1 de junio de 2023, 3:47, "Wei ZHOU" <ustcweiz...@gmail.com> escribió:


> 
> Hi Ricardo,
> 
> ACS gets the VM statistics (including cpu, memory, network, disk
> statistics) by sending GetVmStatsCommand to the kvm host, and getting the
> answer GetVmStatsAnswer from the kvm host.
> Can you check agent.log if there are errors ?
> 
> For example, I cannot get memory statistics due to error below
> ```
> 2023-06-01 08:42:55,925 DEBUG [cloud.agent.Agent]
> (agentRequest-Handler-4:null) (logid:5cfb0714) Processing command:
> com.cloud.agent.api.GetVmStatsCommand
> 2023-06-01 08:42:55,925 DEBUG [kvm.resource.LibvirtConnection]
> (agentRequest-Handler-4:null) (logid:5cfb0714) Looking for libvirtd
> connection at: qemu:///system
> 2023-06-01 08:42:55,928 WARN [kvm.resource.LibvirtComputingResource]
> (agentRequest-Handler-4:null) (logid:5cfb0714) Couldn't retrieve free
> memory, returning -1.
> ```
> 
> But got the cpu load (which is very low)
> 
> ```
> mysql> select * from autoscale_vmgroup_statistics;
> +-------+------------+-----------+------------+-------------+------------------+-----------+------------------+---------------------+----------+
> | id | vmgroup_id | policy_id | counter_id | resource_id | resource_type
>  | raw_value | value_type | created | state |
> +-------+------------+-----------+------------+-------------+------------------+-----------+------------------+---------------------+----------+
> ...
> | 34142 | 5 | 13 | 101 | 9020 | UserVm
>  | 0.003534817956875221 | INSTANT_VM | 2023-06-01 08:39:02 |
> ACTIVE |
> | 34143 | 5 | 15 | 101 | 9020 | UserVm
>  | 0.003534817956875221 | INSTANT_VM | 2023-06-01 08:39:02 |
> ACTIVE |
> | 34144 | 5 | 13 | 101 | 9021 | UserVm
>  | 0.0035341933203746245 | INSTANT_VM | 2023-06-01 08:39:02 |
> ACTIVE |
> | 34145 | 5 | 15 | 101 | 9021 | UserVm
>  | 0.0035341933203746245 | INSTANT_VM | 2023-06-01 08:39:02 |
> ACTIVE |
> ```
> 
> -Wei
> 
> On Tue, 30 May 2023 at 23:03, Ricardo Pertuz
> <ricardo.per...@kuasar.co.invalid> wrote:
> 
> > 
> > Here's what I see
> > 
> >  2023-05-30 15:08:35,483 INFO
> >  [resource.virtualnetwork.VirtualRoutingResource]
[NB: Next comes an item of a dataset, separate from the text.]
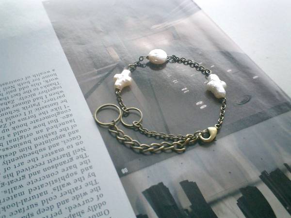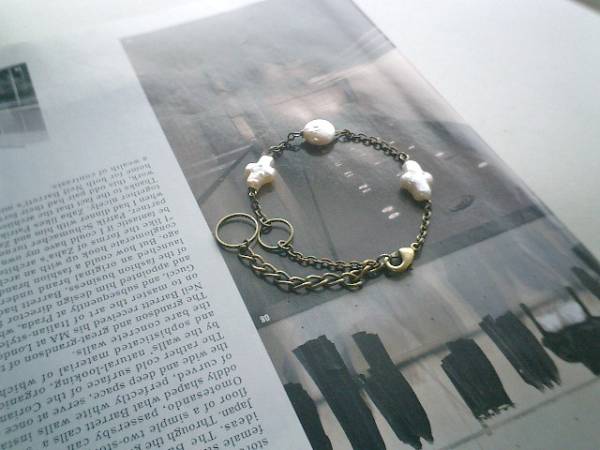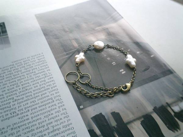 仏蘭西映画の恋人・・シリーズです♪カフェオレ気分で・・シックな淡水パールのブレスレットです♪デザイン違いの淡水パールをスタイリッシュにまとめました♪オフホワイトの淡水パールは10ミリのコインと14ミリのクロスです♪デザインリングを合わせてキュートな表情です♪長さは16センチ+アジャスター7センチで全長23センチ位です♪お揃いのネックレスも出品しています♪シンプルで長く着けていただけるデザインを考えて作りました♪♪ハンドメイドをご理解頂いてノークレーム、ノーリターンでお願いします

> >  (agentRequest-Handler-4:null) (logid:bff92bbe) Fetching health check result
> >  for 169.254.82.180 and executing fresh checks: **false**
> >  2023-05-30 15:08:35,884 INFO
> >  [resource.virtualnetwork.VirtualRoutingResource]
> >  (agentRequest-Handler-2:null) (logid:bff92bbe) Fetching health check result
> >  for 169.254.116.47 and executing fresh checks: **false**
> >  2023-05-30 15:08:36,333 INFO
> >  [resource.virtualnetwork.VirtualRoutingResource]
> >  (agentRequest-Handler-3:null) (logid:bff92bbe) Fetching health check result
> >  for 169.254.166.143 and executing fresh checks: false
> >  2023-05-30 15:08:36,739 INFO
> >  [resource.virtualnetwork.VirtualRoutingResource]
> >  (agentRequest-Handler-1:null) (logid:bff92bbe) Fetching health check result
> >  for 169.254.47.117 and executing fresh checks: **false**
> > 
> >  Ricardo Pertuz
> > 
> >  May 30, 2023 at 3:25 PM, "Wei ZHOU" <ustcweiz...@gmail.com> wrote:
> > 
> >  Hi Ricardo,
> > 
> >  It looks the CPU usage (raw_value) is 0 . Can you check the agent.log ?
> > 
> >  INACTIVE means there are some changes with the AS vm group at that time,
> >  for example create/enable/disable/scaleup/scaledown.
> > 
> >  -Wei
> > 
> >  On Tuesday, 30 May 2023, Ricardo Pertuz <ricardo.per...@kuasar.co
> >  .invalid>
> >  wrote:
> > 
> >  >
> >  > Hi Wei,
> >  >
> >  > Thanks for replying, my threshold is 5% just to check and the ACS
> >  metrics
> >  > says 28% in usage
> >  >
> >  > looks like no error in logs, however I see this message
> >  >
> >  > **success: Creating file in VR, with ip: 169.254.89.121, file:
> >  > monitor_service.json.ec3acdd8-b1c1-4603-9fde-79eece662390","null -
> >  > success: Invalid unit name "cloud-password-server@172.28.0.1
> >  ,172.28.0.83"
> >  > escaped as "cloud-password-server@172.28.0.1\x2c172.28.0.83" (maybe
> >  you
> >  > should use systemd-escape?)**
> >  >
> >  > 2023-05-30 15:05:13,988 DEBUG [c.c.s.StatsCollector]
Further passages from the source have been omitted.